Mental illness is recognised as a major threat to health across the world.  In Britain, depression costs the NHS £11 billion per year, largely as a result of the rising consumption of antidepressants.  Reducing the personal and financial burden of mental illness has become a key target for national health services and international organisations such as the WHO.

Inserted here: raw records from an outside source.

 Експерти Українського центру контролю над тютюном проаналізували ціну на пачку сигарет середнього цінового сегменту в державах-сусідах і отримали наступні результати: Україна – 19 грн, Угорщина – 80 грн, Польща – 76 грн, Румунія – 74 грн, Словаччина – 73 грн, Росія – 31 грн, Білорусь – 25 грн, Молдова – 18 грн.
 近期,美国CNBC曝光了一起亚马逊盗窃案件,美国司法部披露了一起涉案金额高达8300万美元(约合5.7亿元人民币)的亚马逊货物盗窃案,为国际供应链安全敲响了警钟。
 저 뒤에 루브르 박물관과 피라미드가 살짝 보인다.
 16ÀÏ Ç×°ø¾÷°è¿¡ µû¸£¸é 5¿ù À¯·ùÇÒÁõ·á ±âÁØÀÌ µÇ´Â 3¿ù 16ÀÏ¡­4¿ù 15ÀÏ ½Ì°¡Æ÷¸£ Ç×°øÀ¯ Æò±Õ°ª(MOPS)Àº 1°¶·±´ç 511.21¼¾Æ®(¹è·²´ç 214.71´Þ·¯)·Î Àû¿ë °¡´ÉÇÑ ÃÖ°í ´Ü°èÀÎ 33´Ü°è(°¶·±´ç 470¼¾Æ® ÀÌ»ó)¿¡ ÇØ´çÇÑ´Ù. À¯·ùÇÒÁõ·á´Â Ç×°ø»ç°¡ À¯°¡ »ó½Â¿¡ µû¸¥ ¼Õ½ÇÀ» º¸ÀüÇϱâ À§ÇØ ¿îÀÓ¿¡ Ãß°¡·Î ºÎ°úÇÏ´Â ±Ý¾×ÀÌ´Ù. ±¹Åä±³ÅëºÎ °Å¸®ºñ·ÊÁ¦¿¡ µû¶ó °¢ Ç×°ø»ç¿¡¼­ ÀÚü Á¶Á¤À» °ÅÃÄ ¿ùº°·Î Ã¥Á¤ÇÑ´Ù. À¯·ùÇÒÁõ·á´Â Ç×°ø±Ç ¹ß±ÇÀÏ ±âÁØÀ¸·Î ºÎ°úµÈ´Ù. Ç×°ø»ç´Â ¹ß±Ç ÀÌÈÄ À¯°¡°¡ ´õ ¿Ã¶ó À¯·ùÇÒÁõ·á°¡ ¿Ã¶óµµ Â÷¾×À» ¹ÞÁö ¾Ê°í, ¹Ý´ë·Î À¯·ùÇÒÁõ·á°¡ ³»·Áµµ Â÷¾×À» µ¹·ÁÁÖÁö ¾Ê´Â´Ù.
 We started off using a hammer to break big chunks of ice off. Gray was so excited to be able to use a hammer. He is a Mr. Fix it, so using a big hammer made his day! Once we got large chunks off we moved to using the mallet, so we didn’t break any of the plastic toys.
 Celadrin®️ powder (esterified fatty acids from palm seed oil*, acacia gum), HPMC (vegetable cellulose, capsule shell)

Balance has constituted a pivotal concept within modern scientific and clinical accounts of mental illness.  After the Second World War, psychiatrists and pharmaceutical companies promoted a medical model of mental illness according to which depression was primarily caused by `chemical imbalances’ in the brain.  Treatment with antidepressants or `mood stabilisers’, they argued, served to improve symptoms by restoring the balance of neurotransmitters.  Psychiatrists interested in the psychosocial determinants of mental illness also embraced the concept of balance: mental illness was caused not by chemical disequilibria but by unbalanced lifestyles or the failure to effectively manage work-life balance.  From this perspective, treatment was aimed at helping patients re-establish a sense of balance in their lives through CBT, relaxation techniques, mindfulness meditation, and outdoor exercise in the `green gym’ or `blue gym’.

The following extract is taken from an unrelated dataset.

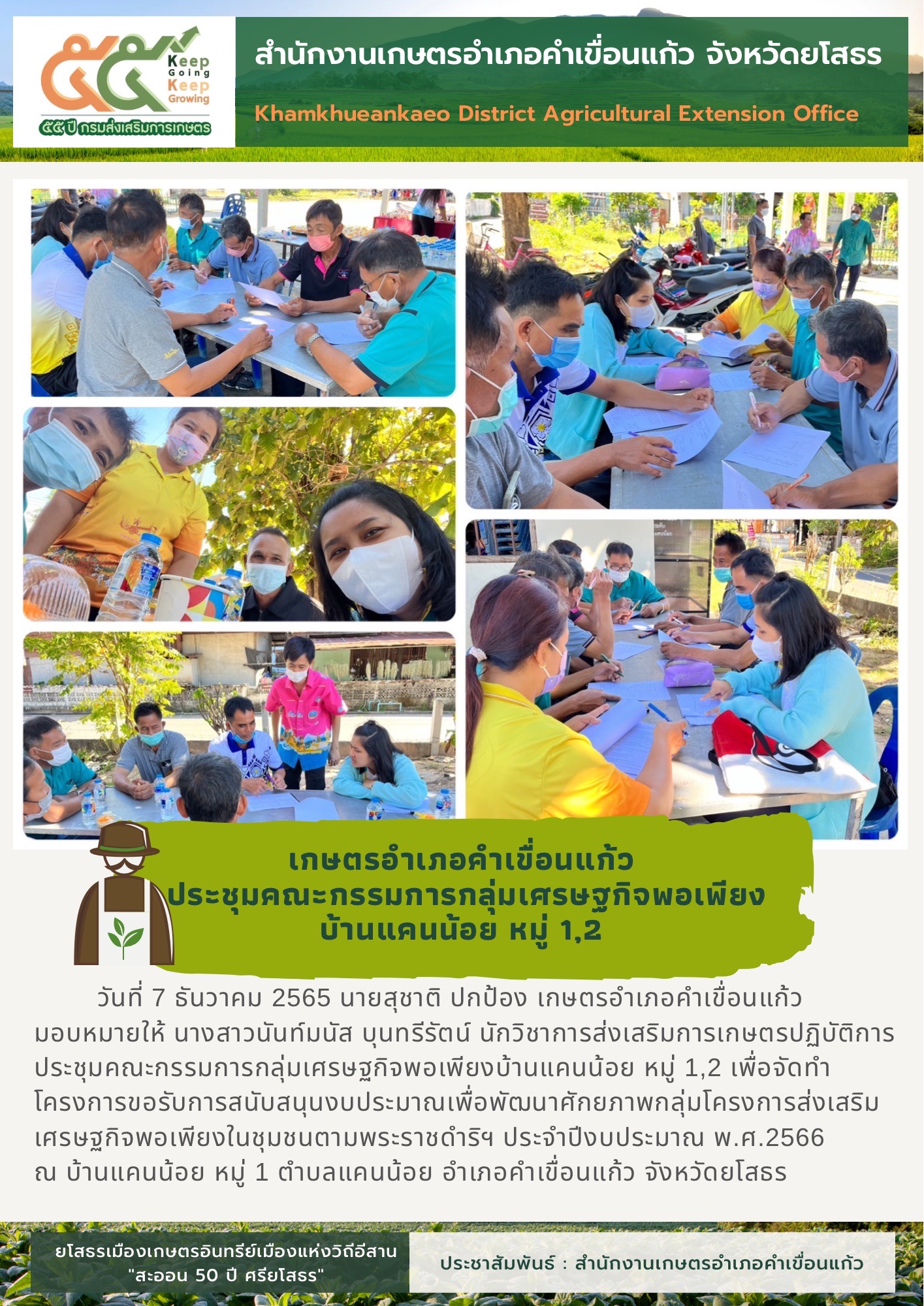เกษตรอำเภอคำเขื่อนแก้ว ร่วมประชุมคณะกรรมการกลุ่มเศรษฐกิจพอเพียง

This strand of research will explore scientific and clinical models of mental illness, alongside oral histories and patient narratives, in order to reveal the manner in which notions of balance have shaped perceptions of mental illness and impacted on the identities and experiences of patients and their families.

c) The balance of nature

In a speech to the Royal Society in 1988, Margaret Thatcher claimed that `Protecting the balance of nature is . . . one of the great challenges of the late twentieth century.’  Thatcher’s comments testify to growing scientific, public and political interest in preserving ecological balance and ensuring the sustainability of the cosmos.  Although `the balance of nature’ was often dismissed as a myth, the notion served to support political arguments for greater regulation of environmental hazards, mobilise economic resources, and shape approaches to health and illness.

Late twentieth-century concerns about the impact of human consumption on environmental sustainability and anxieties about the health impact of climate change deepened in the light of evidence that global variations in population growth and density were also adversely affecting ecological balance and human well-being.  Attempts to control social and ecological systems in order to improve human health were often predicated upon biological accounts of balance, leading to specific attempts to promote individual lifestyle choices and welfare policies in order to reduce the burden of obesity and mental illness.  Environmental scientists, clinicians, policy-makers and international health organisations increasingly advocated exercise, outdoor recreation in the green or blue gym, and balanced diets to combat chronic disease and increase awareness of the importance of environmental protection.

This element of the research will explore the manner in which modern practitioners, like many of their historical predecessors, have attempted to convince patients to incorporate exercise and leisure in natural environments into hectic, and potentially toxic, lifestyles.  Historically informed, the research will link with the work of environmental and behavioural scientists, clinicians and policy-makers.